3.4. The irrelevance of good intentions without intellectual property consideration

In this context, some scholars argue for an evolution in the law to better accommodate concerns of sustainability and creative innovation. While upcycling may, under certain conditions, extend product life and promote circularity, it inevitably raises critical legal questions about the unauthorized reuse of IP-protected elements. Some authors advocate for narrowly tailored exceptions akin to an ecological “fair use” or a referential use doctrine based on transparency, absence of confusion, and non-commercial purpose[7].

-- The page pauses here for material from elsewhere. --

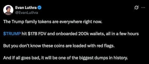 Some now believe that the Trump family’s $1 billion crypto fortune is not so surprising at all. Right after the launch of the TRUMP token in January 2025, venture capitalist Evan Luthra warned that the whole setup reeked of insider timing.

However, one point must be made clear: intellectual property law does not prohibit upcycling. It merely forbids the unauthorized reproduction of elements protected by law, particularly when such reproduction creates a risk of confusion, damages the brand’s reputation, or unfairly exploits the brand’s image and investment (parasitism). The true issue is not the reuse of materials, but the exploitation of protected signs. And this exploitation is neither necessary to upcycling, nor desirable in a circular economy that respects IP holders’ rights.

4. Conclusion

The cases discussed here help clarify a consistent judicial trend: the prohibition of exploiting trademarks and protected creations for commercial purposes under the guise of transformation. This body of jurisprudence does not ban upcycling per se, but reminds us that visibly integrating distinctive signs or protected works into transformed, commercialized objects creates legal liability.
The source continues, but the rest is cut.